**How to complete this task:** Produce as output only the lines below starting at the line with "Pre-loved Chanel Vintage" and continuing through the line with "АВДТ 63 4P(3Р+N)", each one exactly as written.

+++ Data excerpts

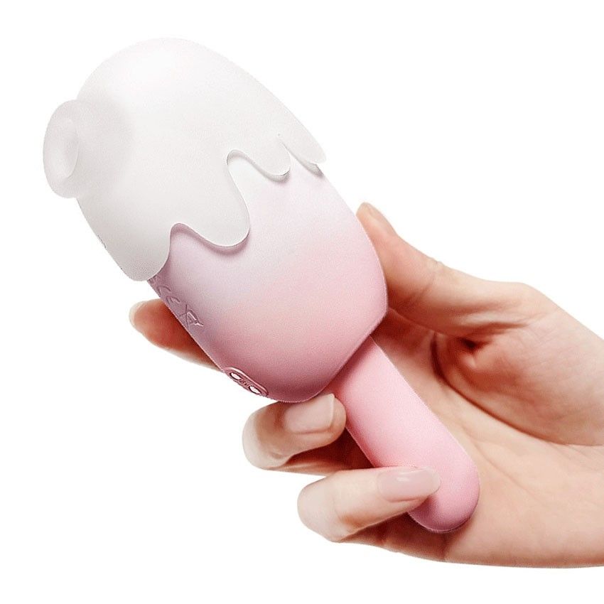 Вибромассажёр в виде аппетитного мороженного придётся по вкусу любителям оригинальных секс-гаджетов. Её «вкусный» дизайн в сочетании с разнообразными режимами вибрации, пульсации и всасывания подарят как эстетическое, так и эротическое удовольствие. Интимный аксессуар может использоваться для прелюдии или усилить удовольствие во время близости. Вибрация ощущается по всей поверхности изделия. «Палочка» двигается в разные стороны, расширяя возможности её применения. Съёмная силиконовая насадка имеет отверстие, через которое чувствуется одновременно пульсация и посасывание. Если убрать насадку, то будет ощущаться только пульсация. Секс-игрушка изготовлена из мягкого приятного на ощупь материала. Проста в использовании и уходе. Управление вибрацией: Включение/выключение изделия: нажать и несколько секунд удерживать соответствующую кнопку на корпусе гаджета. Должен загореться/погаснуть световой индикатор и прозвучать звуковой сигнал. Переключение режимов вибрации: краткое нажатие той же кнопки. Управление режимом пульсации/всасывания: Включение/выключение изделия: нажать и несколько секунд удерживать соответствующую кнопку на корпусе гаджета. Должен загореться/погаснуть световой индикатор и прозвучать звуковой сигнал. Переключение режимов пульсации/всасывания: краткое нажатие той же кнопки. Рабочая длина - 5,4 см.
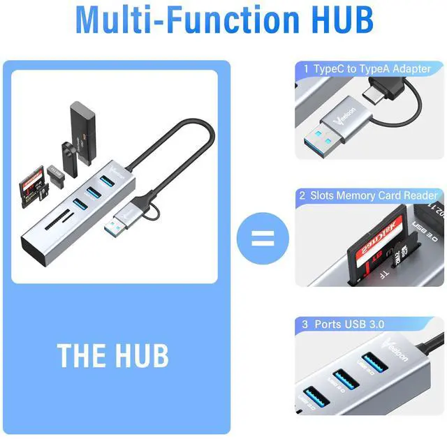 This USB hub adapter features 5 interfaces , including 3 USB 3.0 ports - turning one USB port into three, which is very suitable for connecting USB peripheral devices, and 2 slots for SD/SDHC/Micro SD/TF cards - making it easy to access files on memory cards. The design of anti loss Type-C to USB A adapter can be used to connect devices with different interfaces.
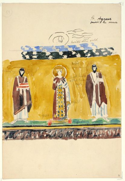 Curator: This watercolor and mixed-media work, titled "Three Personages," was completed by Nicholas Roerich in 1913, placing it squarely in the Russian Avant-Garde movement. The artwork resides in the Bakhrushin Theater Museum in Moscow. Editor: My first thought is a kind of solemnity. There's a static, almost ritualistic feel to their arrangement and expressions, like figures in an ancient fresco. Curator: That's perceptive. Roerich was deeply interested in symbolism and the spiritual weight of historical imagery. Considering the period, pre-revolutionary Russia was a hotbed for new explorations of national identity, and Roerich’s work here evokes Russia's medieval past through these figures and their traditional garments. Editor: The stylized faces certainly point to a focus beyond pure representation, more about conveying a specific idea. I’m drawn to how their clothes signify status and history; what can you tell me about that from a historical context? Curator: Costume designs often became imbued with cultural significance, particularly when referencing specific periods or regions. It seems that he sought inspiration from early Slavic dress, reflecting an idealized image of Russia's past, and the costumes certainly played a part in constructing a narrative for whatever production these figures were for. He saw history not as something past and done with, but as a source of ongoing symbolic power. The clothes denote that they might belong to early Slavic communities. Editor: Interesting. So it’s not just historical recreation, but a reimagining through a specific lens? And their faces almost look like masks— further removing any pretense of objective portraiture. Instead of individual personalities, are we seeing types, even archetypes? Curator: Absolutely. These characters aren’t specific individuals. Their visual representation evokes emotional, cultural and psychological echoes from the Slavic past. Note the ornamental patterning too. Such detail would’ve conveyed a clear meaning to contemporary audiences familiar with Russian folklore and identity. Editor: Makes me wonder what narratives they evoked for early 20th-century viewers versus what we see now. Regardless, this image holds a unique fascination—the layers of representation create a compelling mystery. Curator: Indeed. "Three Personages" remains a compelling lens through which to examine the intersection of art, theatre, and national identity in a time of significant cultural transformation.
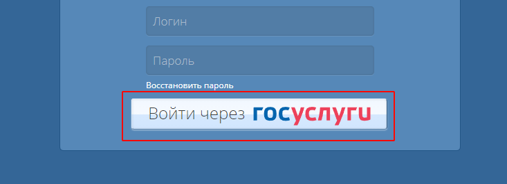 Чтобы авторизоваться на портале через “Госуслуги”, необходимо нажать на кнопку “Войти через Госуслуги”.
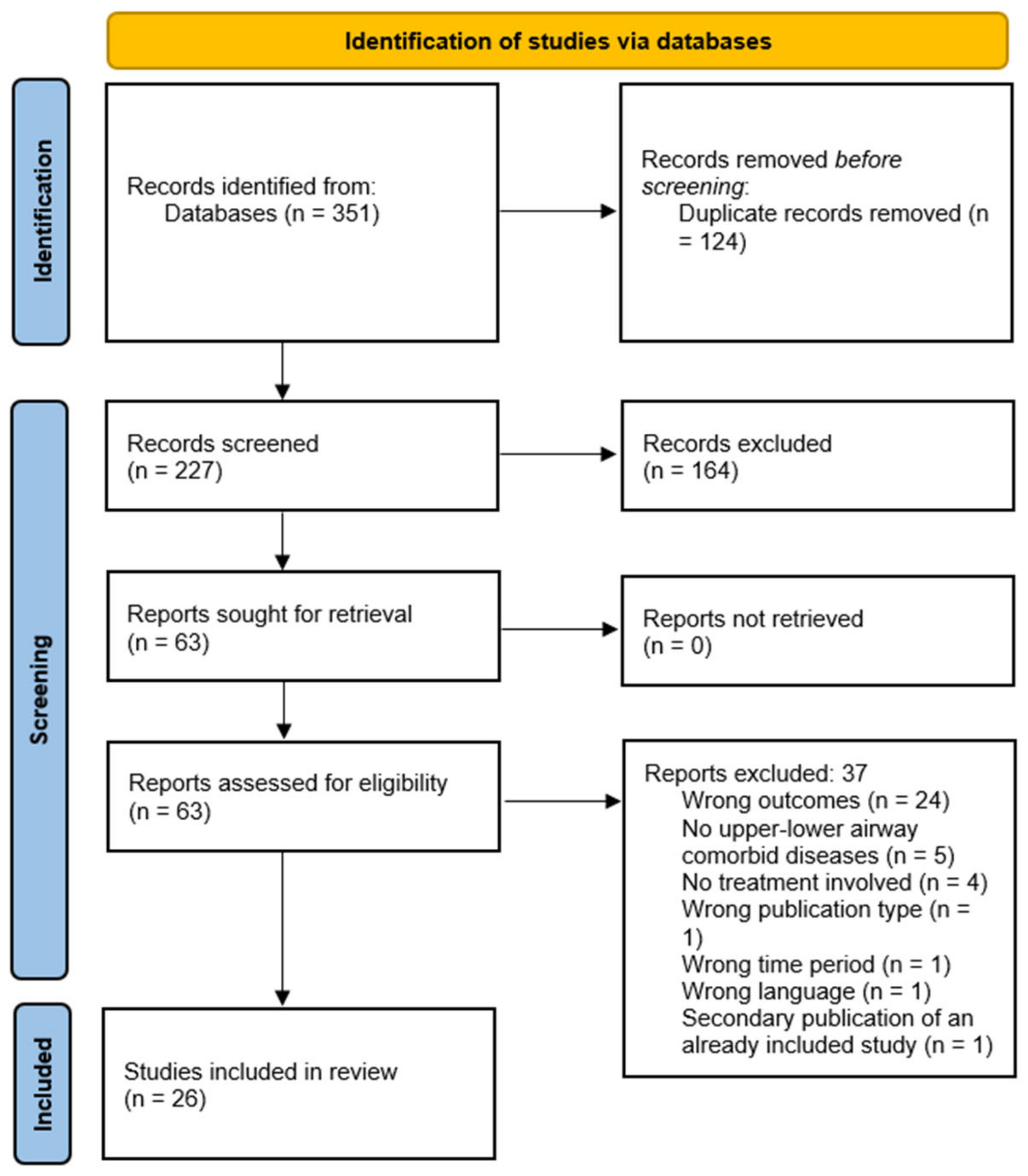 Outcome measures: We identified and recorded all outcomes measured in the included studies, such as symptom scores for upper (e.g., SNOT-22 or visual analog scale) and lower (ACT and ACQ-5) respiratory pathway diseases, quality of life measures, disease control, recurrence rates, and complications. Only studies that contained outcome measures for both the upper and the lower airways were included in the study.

++++++
+++ Data excerpts

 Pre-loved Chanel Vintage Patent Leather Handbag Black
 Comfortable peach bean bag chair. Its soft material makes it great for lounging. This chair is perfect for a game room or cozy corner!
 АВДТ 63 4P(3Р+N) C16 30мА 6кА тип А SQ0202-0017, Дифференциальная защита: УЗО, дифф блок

++++++

**Result of the task:**
 Pre-loved Chanel Vintage Patent Leather Handbag Black
 Comfortable peach bean bag chair. Its soft material makes it great for lounging. This chair is perfect for a game room or cozy corner!
 АВДТ 63 4P(3Р+N) C16 30мА 6кА тип А SQ0202-0017, Дифференциальная защита: УЗО, дифф блок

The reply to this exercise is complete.